A new service worker waits for the old one to finish if any tab still uses the old version. Call skipWaiting() to take over immediately:
// sw.js
self.addEventListener("install", (event) => {
self.skipWaiting(); // Take control immediately
event.waitUntil(precacheAssets());
});
self.addEventListener("activate", (event) => {
event.waitUntil(
caches.keys().then(keys =>
Promise.all(
keys
.filter(key => key !== CACHE_NAME)
.map(key => caches.delete(key))
)
)
);
self.clients.claim(); // Take control of existing tabs
});
Caching strategies
The fetch event is where you implement your caching strategy:
Cache first (for static assets)
Serve from cache if available, fall back to network:
const CACHE_NAME = "app-v1";
const STATIC_ASSETS = ["/", "/app.js", "/styles.css", "/logo.png"];
self.addEventListener("install", (event) => {
event.waitUntil(
caches.open(CACHE_NAME).then(cache => cache.addAll(STATIC_ASSETS))
);
});
self.addEventListener("fetch", (event) => {
if (isStaticAsset(event.request.url)) {
event.respondWith(
caches.match(event.request).then(cached => cached ?? fetch(event.request))
);
}
});
Network first (for API calls)
Try the network, fall back to cache if offline:
self.addEventListener("fetch", (event) => {
if (event.request.url.includes("/api/")) {
event.respondWith(
fetch(event.request)
.then(response => {
// Cache successful responses
const clone = response.clone();
caches.open(CACHE_NAME).then(cache => cache.put(event.request, clone));
return response;
})
.catch(() => caches.match(event.request))
);
}
});
Stale while revalidate (for content pages)
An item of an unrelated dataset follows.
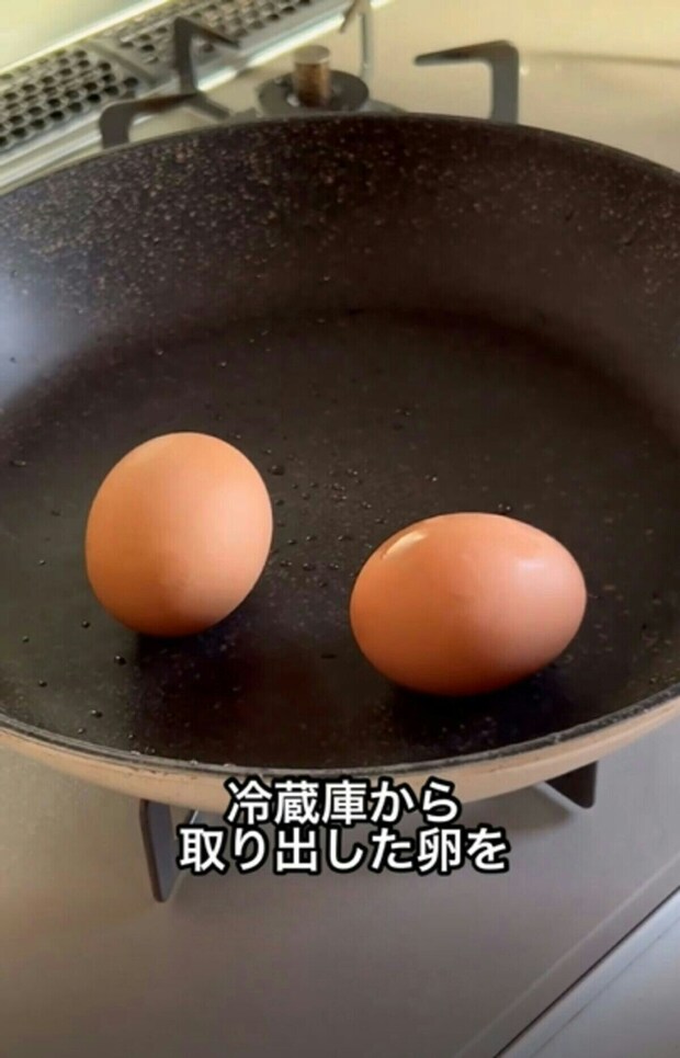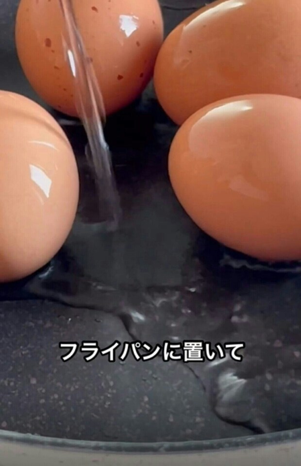 冷蔵庫から取り出した卵をそのままフライパンに並べます。
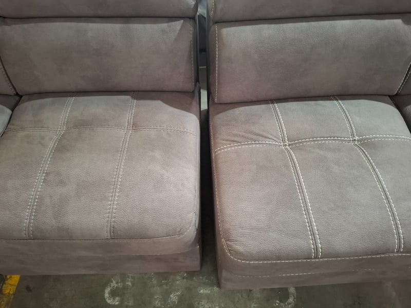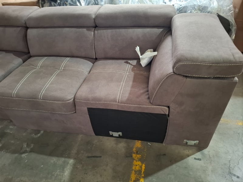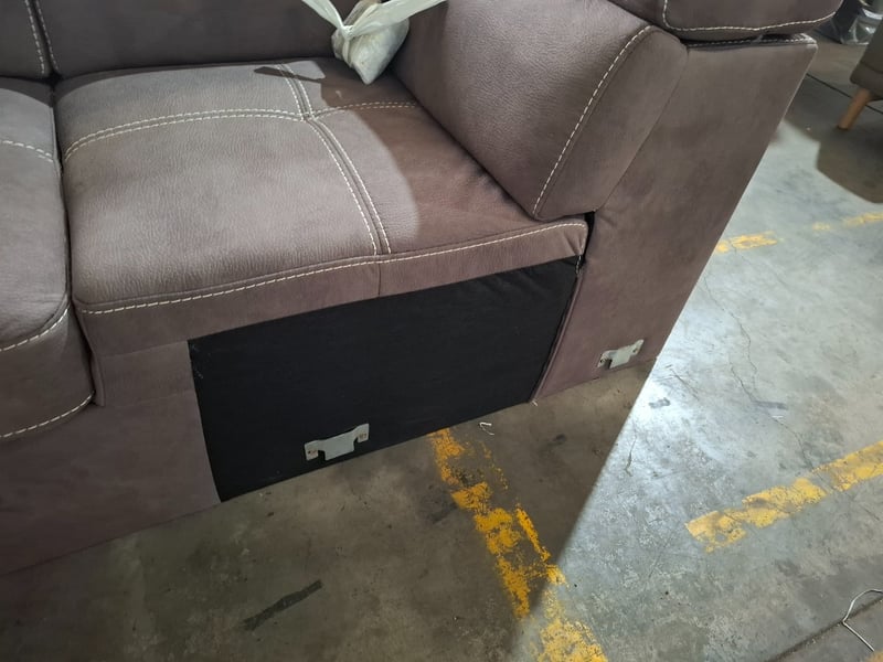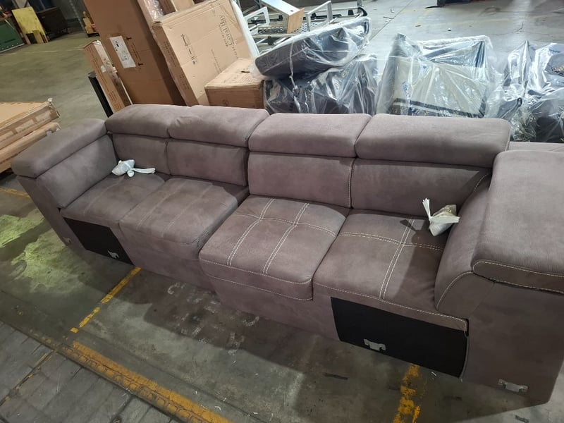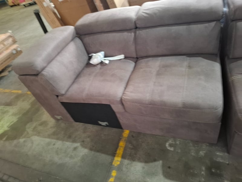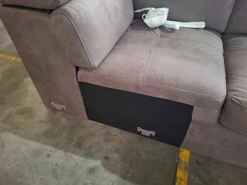 4 seater couch, fabric upholstery, Mushroom,Dimensions: 330cm( W) x 95cm(D) x. 76cm ( H)NOTE: MINOR CLEBAING REQUIRED, INSPECTION RECOMMENDED, WORKING CONDITIONS UNKNOWN, LEGS UNATTACHED

Serve cached version immediately, update cache in background:
self.addEventListener("fetch", (event) => {
event.respondWith(
caches.open(CACHE_NAME).then(async (cache) => {
const cached = await cache.match(event.request);
const networkPromise = fetch(event.request).then(response => {
cache.put(event.request, response.clone());
return response;
});
return cached ?? networkPromise;
})
);
});
This pattern gives instant response from cache (no network wait) while keeping the cache fresh. The user sees possibly stale content for the current visit but fresh content next time.
Background sync
Background sync lets you defer actions until the user has a network connection:
// In your page
async function submitForm(data) {
if (!navigator.onLine) {
await saveToIndexedDB(data); // Save locally
await navigator.serviceWorker.ready.then(sw =>
sw.sync.register("submit-form")
);
showMessage("Saved offline. Will sync when connected.");
return;
}
await fetch("/api/submit", { method: "POST", body: JSON.stringify(data) });
}
// In sw.js
self.addEventListener("sync", (event) => {
if (event.tag === "submit-form") {
event.waitUntil(
getFromIndexedDB().then(data =>
fetch("/api/submit", { method: "POST", body: JSON.stringify(data) })
)
);
}
});
Push notifications
Service workers can receive push messages and display notifications even when the page is closed:
// In sw.js
self.addEventListener("push", (event) => {
const data = event.data?.json() ?? { title: "New notification", body: "" };
event.waitUntil(
self.registration.showNotification(data.title, {
body: data.body,
icon: "/icon-192.png",
badge: "/badge-72.png",
data: { url: data.url }
})
);
});
self.addEventListener("notificationclick", (event) => {
event.notification.close();
event.waitUntil(
clients.openWindow(event.notification.data.url)
);
});
Workbox: skip the boilerplate
Google’s Workbox library abstracts the caching strategy boilerplate:
// sw.js with Workbox
import { precacheAndRoute } from "workbox-precaching";
import { NetworkFirst, CacheFirst, StaleWhileRevalidate } from "workbox-strategies";
import { registerRoute } from "workbox-routing";
precacheAndRoute(self.__WB_MANIFEST); // Injected by build tool
registerRoute(
({ url }) => url.pathname.startsWith("/api/"),
new NetworkFirst({ cacheName: "api-cache" })
);
registerRoute(
({ request }) => request.destination === "image",
new CacheFirst({ cacheName: "image-cache" })
);
Most frameworks (Next.js with next-pwa, Vite with vite-plugin-pwa) integrate Workbox into the build process and generate the service worker automatically with precaching lists.